The gender differences among victims of sexual abuse in Kenya showed that girls (88%) were seven (7) times more at risk of sexual abuse than boys (12%). This study therefore, demonstrated that gender was no comparable factor but predisposition and vulnerability of girls turned to be the real factor behind the large number of girls being abused in Kenya. The findings support previous studies on sexual abuse in Kenya (Ombok et al. 2013 and Syengo et al. 2008) as well as International studies (Brown et al. 2009; Finkelhor et al. 2013; and Pereda et al. 2009). Also, majority (67.6%) of parents in the current study earned less than two dollars a day, an indication that they had low socio-economic status. This finding corroborates studies done by Cancian et al. (2010) and Sedlak et al. (2010).

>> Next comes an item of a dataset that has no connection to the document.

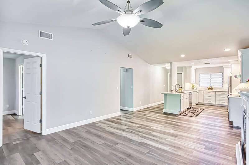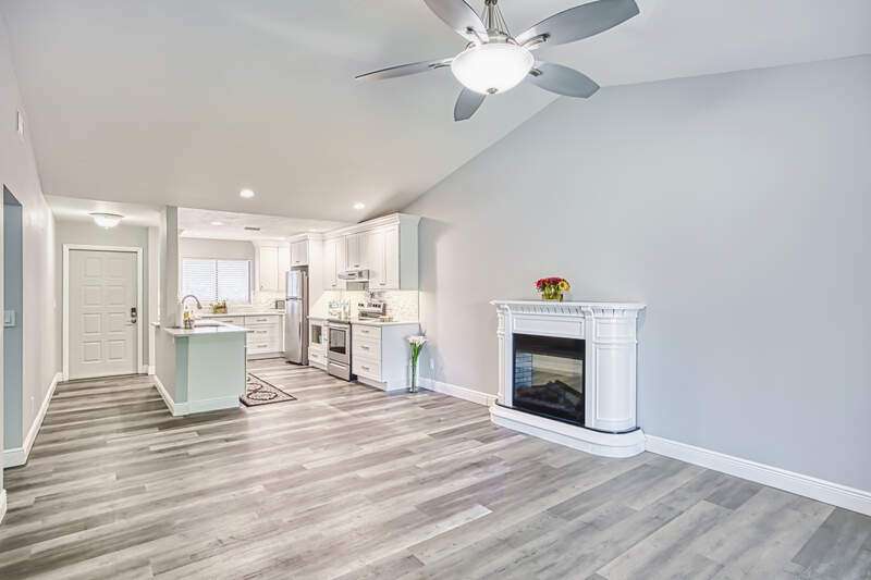 This LUXURIOUS PENTHOUSE condo awaits you! Beautifully UPDATED END-UNIT, flooded with natural light and treetop views, is sure to impress any buyer. NO SPECIAL ASSESSMENTS TO WORRY ABOUT! This stunning condo offers 2 bedrooms and 2 bathrooms on a SPLIT FLOOR PLAN spanning nearly 1,100sqft, laundry in residence with W/D included, and is perfect for those seeking a modern and convenient lifestyle. The SPACIOUS living area features 30' DOUBLE-INSLATED CEILINGS, a cozy FIREPLACE, and neutral LVT & tile flooring throughout--NO CARPET! The EXPANDED & OPENED KITCHEN is a chef's dream with QUARTZITE counters, an island, STAINLESS STEEL appliances, and ample storage in WHITE SHAKER CABINETS. NEW A/C & NEW ELECTRICAL PANEL offer comfort and peace of mind. Enjoy the convenience of an EXTRA STORAGE ROOM and CARPORT, providing plenty of room for all your belongings. Take advantage of this PET-FRIENDLY community's amenities: pool, spa, tennis, pickleball, shuffleboard, and even a vehicle wash station! Newport Glen is ideally located near ample shopping, dining, and entertainment options, making it easy to enjoy all that the area has to offer. Plus, with a short drive to RSW International Airport and SWFL's white-sand BEACHES, you'll have easy access to travel and leisure activities. Don't miss out on this incredible opportunity to own this rated "BEST VALUE BUY" in Newport Glen. Whether you're looking for a permanent residence, vacation getaway, or investment opportunity-- this condo has everything you need for a comfortable and stylish living experience!

Furthermore, some scholars have argued that children who had not been exposed to any abuse demonstrated significantly higher self-esteem and lower symptoms of trauma (Ismayilova et al. 2016). This is an indication that exposure to abuse among children could determine their self-esteem. Also, sexual abuse against children is associated with school disruption and could have a profound impact on the ability of children to concentrate in school. In this current study, it was found that majority of the children had low school success due to the sexual abuse they experienced. A study among girls aged 13-16 years in Finland by Wiens et al. (2014) found that the girls considered good health to mean both physical health and having a good self-esteem. Additionally, good health, included doing well in school, feeling good and being carefree as a whole and these led to self-realization (Wiens et al. 2014). Similar findings were reported by Fry et al. (2016) and Holt et al. (2007) who found that youth in the US who had experienced sexual abuse emerged as the group with the most significant academic problems.

The findings of this current study reflects and adds to the body of knowledge on the levels of self-esteem among sexually abused children. It also highlights the factors that affect self-esteem during childhood to adolescent years. Self-esteem is built over the years during childhood and adolescence depending mainly on prevailing circumstances. Thus, considering the findings obtained, parents should be encouraged and motivated to provide their children with support after the incidence of traumatic events in order to raise their children’s self-esteem and lessen the likelihood that the children will exhibit antisocial behaviours as it is well established in extant research studies that depression, suicide and dropping out of school, are associated with low self-esteem.

Limitation of the study

The reported results should be interpreted while considering the possible limitations of this study. Firstly, the study did not have a comparison group, hence conclusions can be made based on the study population. Secondly, there were few boys compared to girls. Thirdly, there was a potential influence of other covariates in the study, such as teacher-based interventions or time spent with parents/legal guardians.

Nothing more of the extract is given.